Syfy Insider Exclusive

Create a free profile to get unlimited access to exclusive videos, sweepstakes, and more!

Sign Up For Free to View
SYFY WIRE Fallout

Prep the Pip-Boy! Amazon’s 'Fallout' series casts 'Ant-Man' baddie Walton Goggins

Bethesda’s game-to-TV crossover welcomes its first nuclear neighbor.

By Benjamin Bullard
Walton Goggins

The nuclear-blasted wasteland of Fallout has its first official TV resident. Amazon’s upcoming series adaptation of the iconic Bethesda game franchise has reportedly cast Justified’s Walton Goggins, via Deadline, marking the first of what’s sure to be many more casting pickups as the show heads toward a reported 2022 production start.

Official details on which Fallout character Goggins will portray are slight, though Deadline’s report notes that he’s “believed to be” playing a Ghoul. Marvel movie fans already have spied Goggins as the charming-but-sinister black market schemer Sonny Burch in 2018’s Ant-Man and the Wasp, and he’s a current series regular on HBO’s The Righteous Gemstones.

If Goggins ends up playing a Ghoul, he'll be in good video game company: From Fallout 3’s Patches to Fallout 4’s Hancock and beyond, Ghouls have provided some of the game series’ biggest character highlights — both as comic relief and as scarred, post-human survivors with poignantly painful backstories.

In Fallout lore, Ghouls are skin-ravaged, emaciated characters who, for poorly-understood reasons, survived direct radiation exposure during the 20th Century global nuclear apocalypse that devastated the natural world and collapsed civilization. Their brush with the bomb has mutated them dramatically, all but freezing the aging process and mysteriously gifting them with beyond-human qualities, including a long lifespan and immunity to radiation (some, including the neon-green “Glowing One” Ghouls, are even strengthened by it).

Of course, those standout para-human traits carry a steep social cost in Fallout’s harsh, lawless world of wasteland survival.
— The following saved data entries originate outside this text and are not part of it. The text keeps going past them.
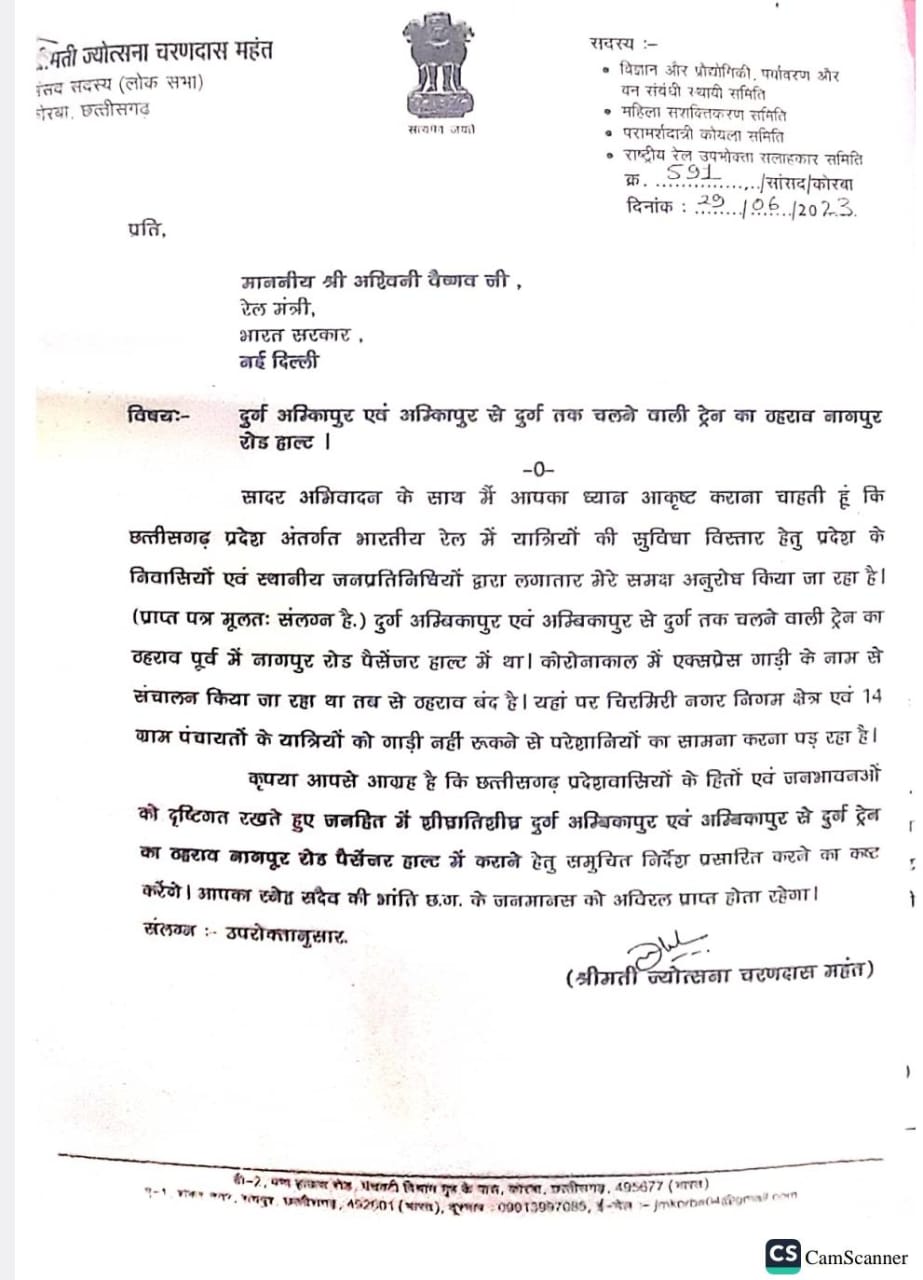 : कोरबा सांसद के प्रयासों से मिला नागपुर में ठहराव, यात्रियों को राहत
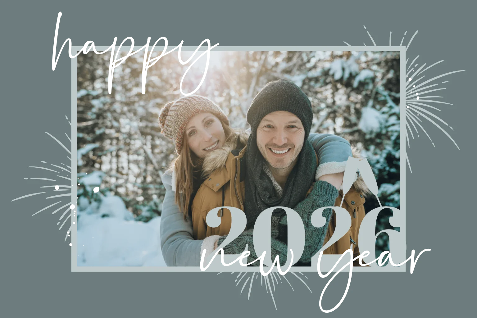 Nieuwjaarskaart vuurwerk met persoonlijke foto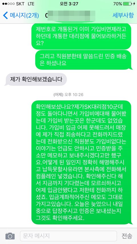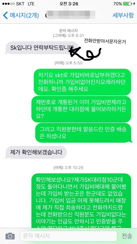 근데 오후 6시쯤? 저한테 계좌적어주셨던 직원분이 전화가 왔는데 제가 모르는번호 안받아서 안받고 기다렸는데 바로 문자오더라구요 SK대리점이니 연락좀 달라고. 그 문자 읽자마자 다시 전화가 와서 받으니 아직 입금안됐다고 빨리보내라고 하시는겁니다. 그래서 제가 아까 매장에 전화해서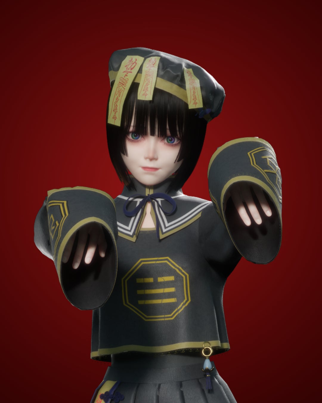 青白い肌、額にはお札。"キョンシー"の姿をまといながら、じっとこちらを見つめている。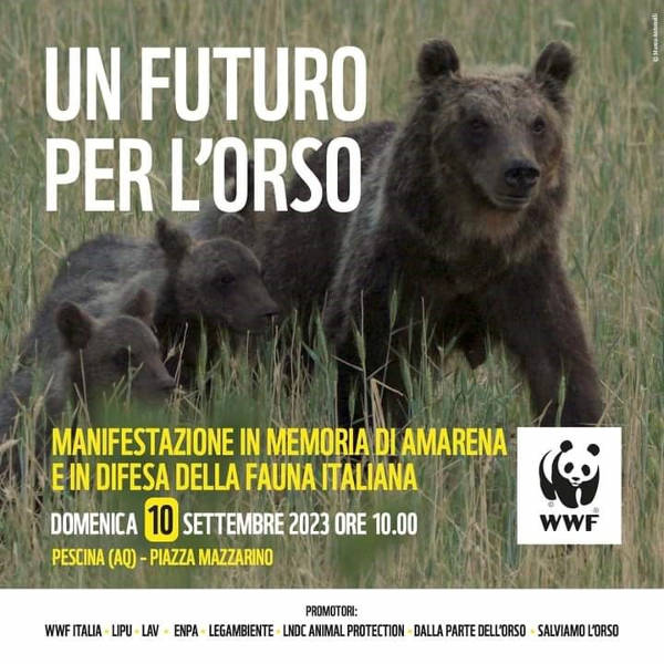 Chi ha cuore la natura del nostro Paese si riunirà per la manifestazione “Un futuro per l’Orso”, in memoria dell’orsa Amarena e in difesa della fauna italiana. E’ stato scelto come luogo simbolico il comune di Pescina in provincia di L’Aquila, un logo fondamentale per l’area degli ultimi 60 orsi bruni marsicani. Qui una intera comunità, al pari della stragrande maggioranza degli abruzzesi, ha vissuto in maniera assolutamente pacifica i frequenti passaggi di Amarena lungo le strade e i vicoli del paese e delle frazioni. Per chi può, è importante partecipare di persona alla manifestazione di domenica con le nostre bandiere. Chi è troppo lontano o è già impegnato può diffondere l’invito e contribuire così a tenere alta l’attenzione sulle nostre richieste. Dichiara il WWF Roma e Area Metropolitana "Un'occasione per ricordare l’Orsa Amarena, un'occasione per ricordare la bellezza che la Natura ci offre, per ricordare le nostre responsabilità verso gli altri non umani, per affermare tutti assieme mai più crimini di Natura."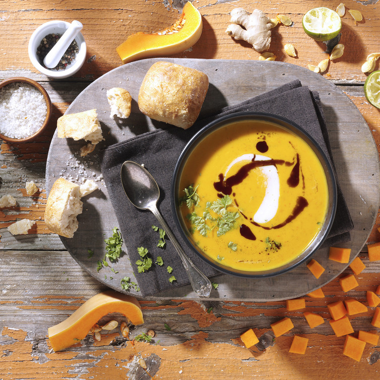 Suppe fein pürieren, mit Limettensaft, Ahornsirup und Frischkäse verfeinern und mit den Gewürzen abschmecken.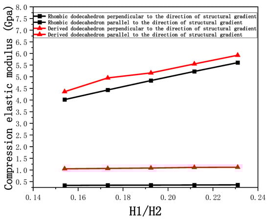 Compression elastic modulus parallel and perpendicular to the direction of the structural gradient of layered structure composed of two types of unit cells with respect to H1/H2.

Most Ghouls in Fallout are feral, having lost their intellect as an effect of their nuclear near-miss, and few are able to think and function as they did during their pre-blast, human days. That makes even the minority of rational, sentient Ghouls social pariahs for tons of human wastelanders, who mark them as easy targets for abuse and politically-tainted scapegoats.

Amazon’s Fallout series has some heavy creative weight behind it: The show is a collaboration between Amazon Studios and Kilter Films — the studio headed by Westworld veterans Jonathan Nolan and Lisa Joy. The series is being produced in association with Bethesda Game Studios and Bethesda Softworks, with Bethesda creative sensei Todd Howard serving as an executive producer, alongside Nolan, Joy, and Athena Wickham.

Nolan himself is set to direct the premiere episode, with Geneva Robertson-Dworet and Graham Wagner serving as showrunners. There’s no early word on when Fallout will debut at Amazon, but the series is expected to enter production later this year.